Tuesday, November 17, 2009

Heavy.

My thoughts are deliberate and scattered, like an aerial view of people milling about in a suburban mall. Intersecting, wandering, entering and exiting my mind, an endless carousel of life's musing. Some thoughts weigh heavily. I think of certain people and moments that stay suspended in my mind's eye. The atmosphere and emotions are all still so palpable yet just out of arm's reach, alive with tones, colors, sentiments.
I question if Benito was so hard to love because he actually dialed into me and knew my true character. Did I struggle with him emotionally because I was so exposed in his presence, his criticisms driving into my core? Or has he really been the most emotionally toxic person in my life the past 9 years? I believe a bit of both. That with his knowledge of me and his hold over my heart, he emotionally stagnated me and continuously regressed me to a past place, to an older version of myself. Our battle, our constant friction was the collision of our two realities. His interactions colored by an expired construct of who I am, me incapable of updating his perception, nor forgiving past hurt. I still feel this primal urge to run back to him. Am I banging my head against a wall because I like having headaches? I wonder. Perhaps I'm so love-starved I am jumping at whoever is offering, in desperation. I just know that Benito didn't earn my undying loyalty and love, I was just always giving of myself, to my detriment. And finally, when he tried to make up for all of these years, it was much too little, way too late.

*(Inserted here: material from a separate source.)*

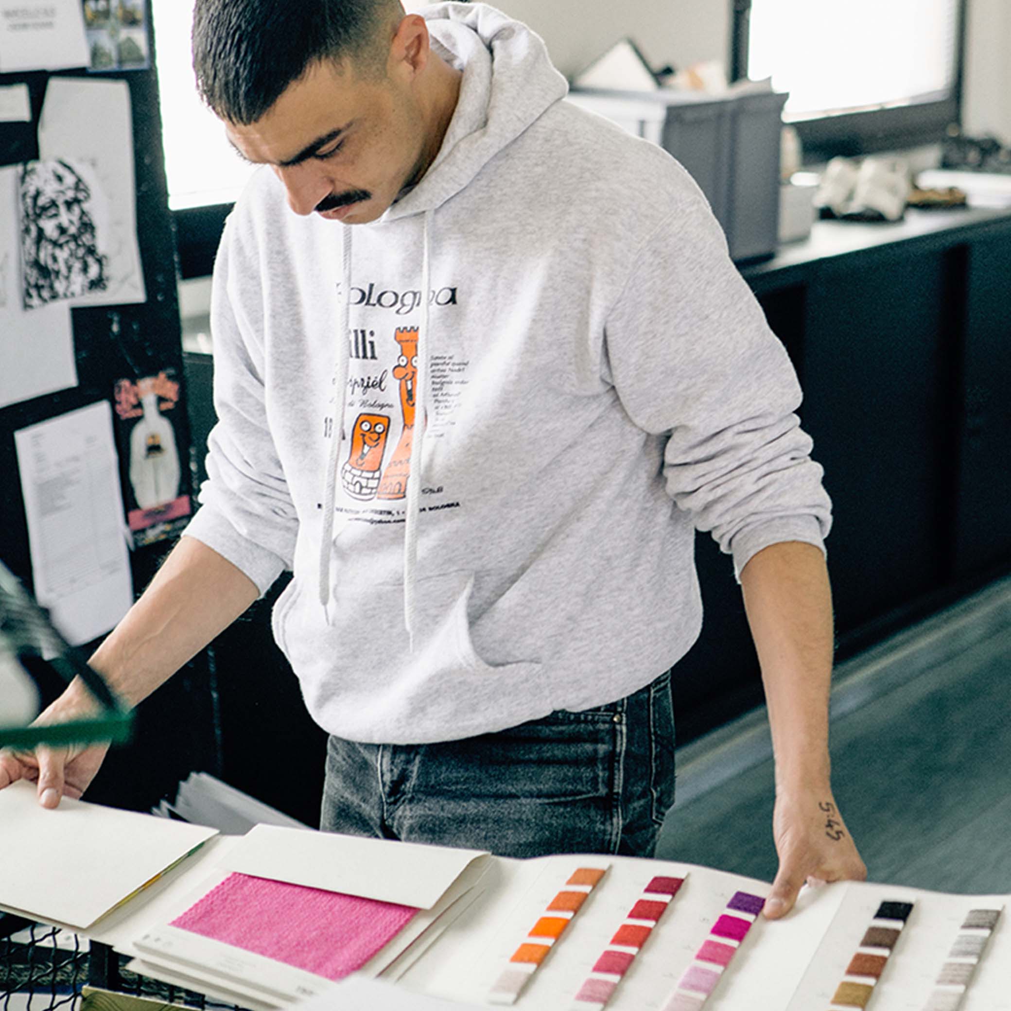 Kleidungsstücke entdecken“Die unbändige Energie der Markthallen hat mich beim Design dieses Looks inspiriert: die Magliano-Vision einer Streetwear-Garderobe. Für mich ist dieses 24S-Projekt die perfekte Gelegenheit, unsere Arbeit für den LVMH-Preis auszuweiten.”

I'm going to have to resolve myself to this conclusion and try to seek closure. I can't afford to keep revisiting these painful emotions. I stopped crying over Benito a long time ago, I am sad I made him cry over me, but I can't sacrifice any more of my heart for him. It was tempting to think that I could be happy with him after obsessing over the idea all of these years, but as so many dreams in life, the reality is never the same. I have to hold on to those feelings of rejection and hurt, and feed on them in my weaker moments, and move forward knowing I loved him imperfectly, for so long, and his chance to reciprocate came and went over and over. So the guilt is not mine to carry. And that is how I will sleep at night. Mind and heart a little less heavy.